◆ **Material provided**
* * * *

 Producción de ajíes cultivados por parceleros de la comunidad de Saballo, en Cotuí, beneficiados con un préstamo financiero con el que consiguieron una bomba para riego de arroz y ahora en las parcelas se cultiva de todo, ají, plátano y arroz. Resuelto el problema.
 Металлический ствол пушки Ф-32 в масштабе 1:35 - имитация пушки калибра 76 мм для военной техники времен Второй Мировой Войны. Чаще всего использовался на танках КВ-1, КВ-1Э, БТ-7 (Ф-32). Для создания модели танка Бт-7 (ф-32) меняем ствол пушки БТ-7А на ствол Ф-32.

* * * *

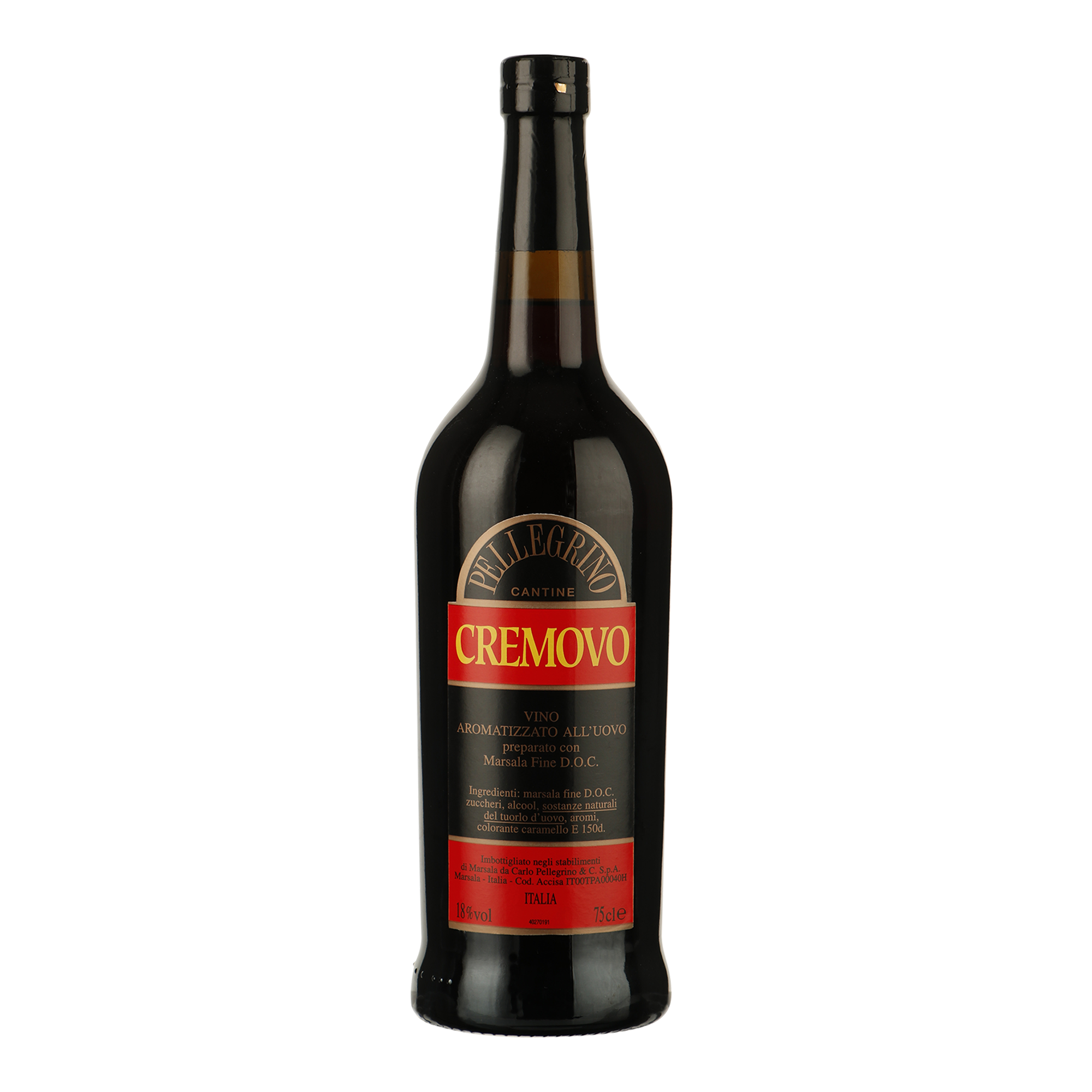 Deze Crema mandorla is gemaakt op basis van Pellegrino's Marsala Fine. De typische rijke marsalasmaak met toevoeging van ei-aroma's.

* * * *

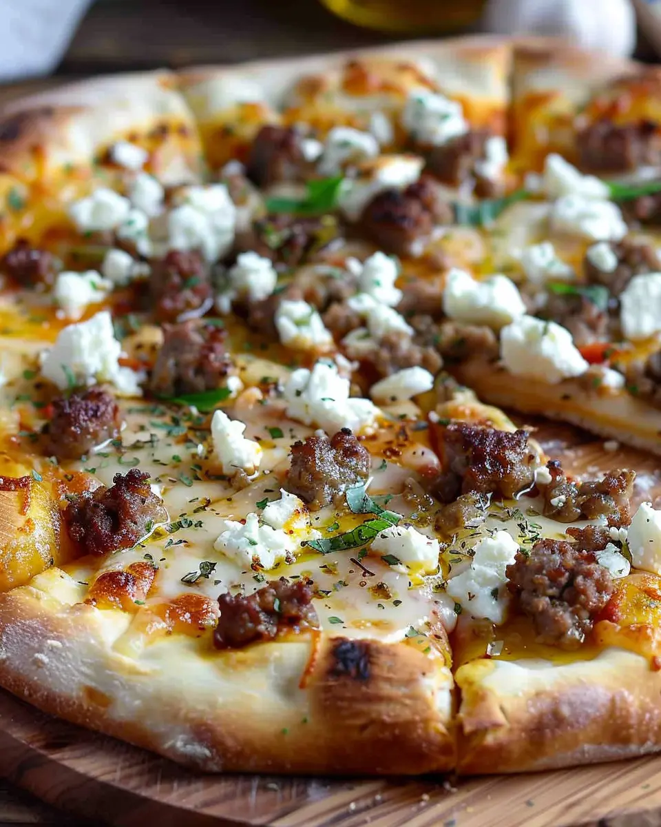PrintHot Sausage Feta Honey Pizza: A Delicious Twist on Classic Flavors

* * * *

◆ **Problem requirements**
In the entries above, the lines between the one holding "Producción de ajíes" and the one holding "Металлический ствол пушки", inclusive, are to be printed exactly as written, and those alone.

◆ **Finished task**
 Producción de ajíes cultivados por parceleros de la comunidad de Saballo, en Cotuí, beneficiados con un préstamo financiero con el que consiguieron una bomba para riego de arroz y ahora en las parcelas se cultiva de todo, ají, plátano y arroz. Resuelto el problema.
 Металлический ствол пушки Ф-32 в масштабе 1:35 - имитация пушки калибра 76 мм для военной техники времен Второй Мировой Войны. Чаще всего использовался на танках КВ-1, КВ-1Э, БТ-7 (Ф-32). Для создания модели танка Бт-7 (ф-32) меняем ствол пушки БТ-7А на ствол Ф-32.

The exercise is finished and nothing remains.